2. Integrate compliance: Regulatory compliance and traceability are built into our daily development work.
3. Utilize checklists: We employ predefined checklists to help ensure that no requirements are overlooked.

This approach allows our engineering teams to remain lean and focus on shipping a quality product, while simultaneously building the versioned, complete Design History File artifacts that regulators expect.
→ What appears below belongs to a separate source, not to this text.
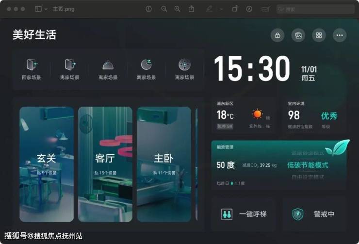 这或许能从一些细微的体验中感知:归家时,从社区大门到入户电梯的全程无感通行,让疲惫在踏入家门前便已卸下一半。室内,空气始终维持着森林般的清新,新风系统在雾霾天早已悄然启动。深夜起身去主卫,灯光自动亮起,离开后又静静熄灭。这些润物无声的细节背后,是一套完整的“五舒智慧生活系统”在支撑,它让科技不再是概念,而是融入日常、守护家人健康的“隐形管家”。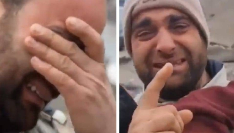 ودخل الرجل في نوبة بكاء مؤثرة وهو غير مصدق لما يحدث حوله من الركام المتناثر والعقارات المتساقطة بفعل الزلزال.

In this post, I’ll demonstrate how we put this into practice, using a fictional client – Acme Biomed – to provide a concrete example.

The Tools We Use

We use Asana as our project management system, and we run our regulated projects out of a single Asana project per product. That project becomes the operational “home” for four distinct types of work:​

1.  Project Requirements and Specifications

• These are the “design inputs” and System / Software Design Specifications that map directly to IEC 62304 and ISO 13485 expectations.
• We create one task for every major feature (similar to an “epic” in the Scrum/Agile world) and separate subtasks beneath it for each piece of functionality. Asana then automatically adds a unique ticket number to each subtask (e.g. ABS‑1, ABS‑2, etc. for Acme Biomed software design specs).

2.  Risks

• Each Asana task is a different risk (in line with ISO 14971) and captures the hazard, hazardous situation, harm; initial risk; risk controls; and residual risk and acceptability rationale.
• Asana assigns an ID for each, which we then prefix with “R” – in the case of Acme Biomed, these would be ABR‑1, ABR‑2, etc. We then link risks to design inputs and specifications via Asana task links.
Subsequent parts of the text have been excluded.